Payment Systems — Where Idempotency Is Critical

In payment systems, duplicate transactions aren't just bugs — they're financial incidents. Major payment gateways mandate idempotency keys:

Payment Gateway	Header	TTL	Duplicate Key Behavior
Stripe	`Idempotency-Key`	24 hours	Returns cached response, logs warning
PayPal	`PayPal-Request-Id`	72 hours	Returns 200 + original response
Adyen	`Idempotency-Key`	24 hours	Returns cached response
Square	`Idempotency-Key`	24 hours	Returns original response with same status

💡 Best Practice from Stripe

Stripe recommends: Idempotency keys should be UUID v4 generated by the client, tied to a user action (button click), not to a request object. When the user clicks "Pay" → generate UUID → all retries of that click use the same UUID. If the user clicks "Pay" again (after seeing the result) → generate a new UUID.

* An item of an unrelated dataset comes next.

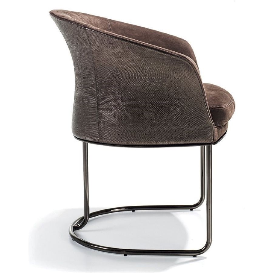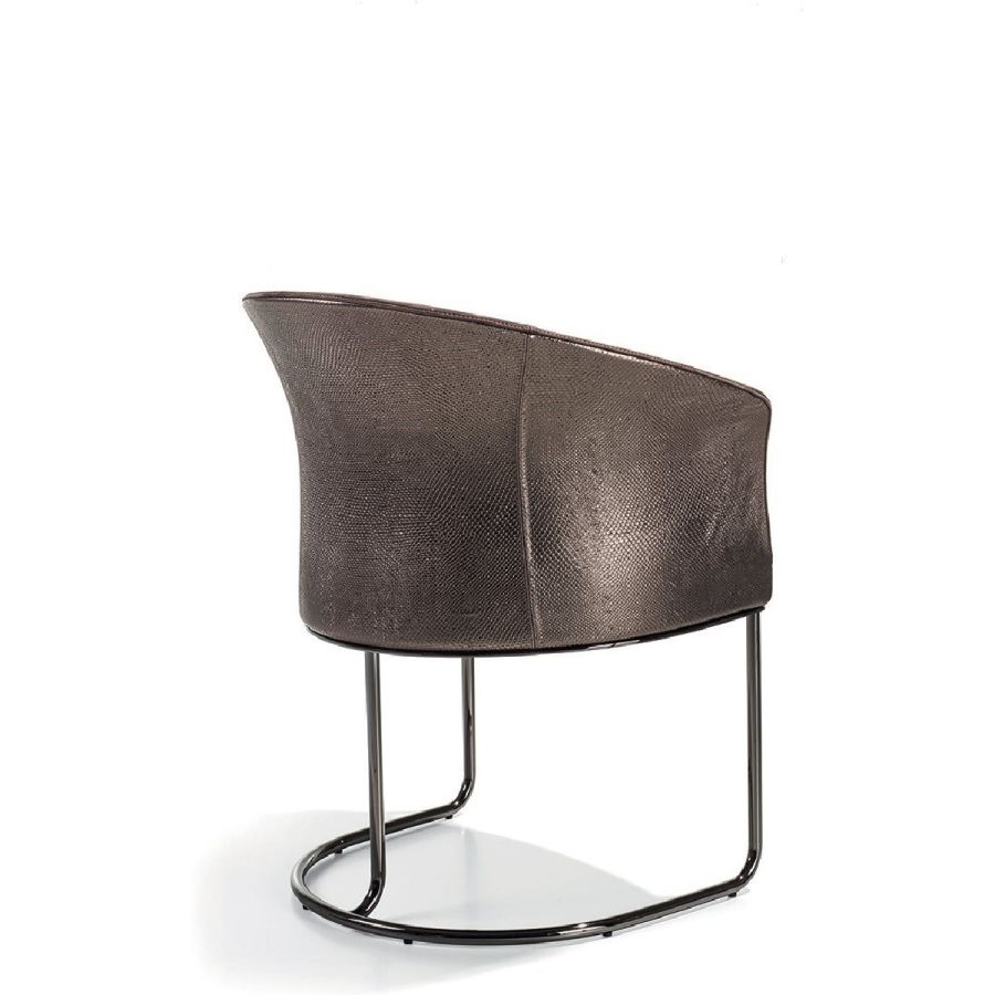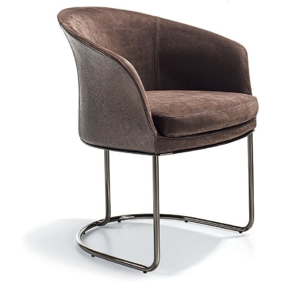 Chair offered in two versions: low backrest and wing-backed. The internal metal structure is cold-mouldedin foam. The seat cushion is in double density polyurethane foam covered in polyester fibre bonded with non-woven fabric. The base is in curved tubular metal assembled with a laser cut metal plate with the following finishes: Satin nickel, bright shaded brown, Black Rose gold, bright light gold, matt Champagne gold, bright chrome, bright black chrome, matt satin bronze, bright pink gold, matt pink gold. The upholstery CANNOT be removed from the structure, but the cushion covers in leather or fabric are removable.

Race Conditions and Concurrent Requests

When two requests with the same idempotency key arrive simultaneously (before the first request completes), you need a locking mechanism:

sequenceDiagram
    participant C1 as Request 1
    participant C2 as Request 2
    participant L as Lock Manager
    participant S as Service
    participant IS as Idempotency Store

    C1->>L: Acquire lock "key-abc"
    L-->>C1: Lock acquired ✅
    C2->>L: Acquire lock "key-abc"
    L-->>C2: Lock busy, waiting... ⏳

    C1->>S: Process payment
    S-->>C1: 201 Created
    C1->>IS: Save response
    C1->>L: Release lock

    L-->>C2: Lock acquired ✅
    C2->>IS: Check key "key-abc"
    IS-->>C2: Found cached response
    C2-->>C2: Return cached 201
    C2->>L: Release lock

Figure 4: Distributed lock prevents concurrent processing of the same idempotency key

Redis Distributed Lock

public async Task<IActionResult> ProcessWithLock(string idempotencyKey)
{
    var lockKey = $"lock:idempotency:{idempotencyKey}";

    // Acquire lock with 30s timeout
    await using var lockHandle = await _redisLock
        .AcquireAsync(lockKey, TimeSpan.FromSeconds(30));

    if (lockHandle is null)
        return StatusCode(429, "Request is being processed, please retry");

    // Check cached response
    var cached = await _store.GetAsync(idempotencyKey);
    if (cached is not null)
        return StatusCode(cached.StatusCode, cached.ResponseBody);

    // Process request
    var result = await _service.ExecuteAsync();

    // Cache response
    await _store.SaveAsync(idempotencyKey, result);

    return Ok(result);
}

End-to-End Architecture — Idempotency in Microservices

graph TD
    CLIENT[Mobile / Web Client] -->|Idempotency-Key header| GW[API Gateway]
    GW --> IF{Idempotency Filter}

    IF -->|Cache hit| CACHED[Return Cached Response]
    IF -->|Cache miss| LOCK[Acquire Distributed Lock]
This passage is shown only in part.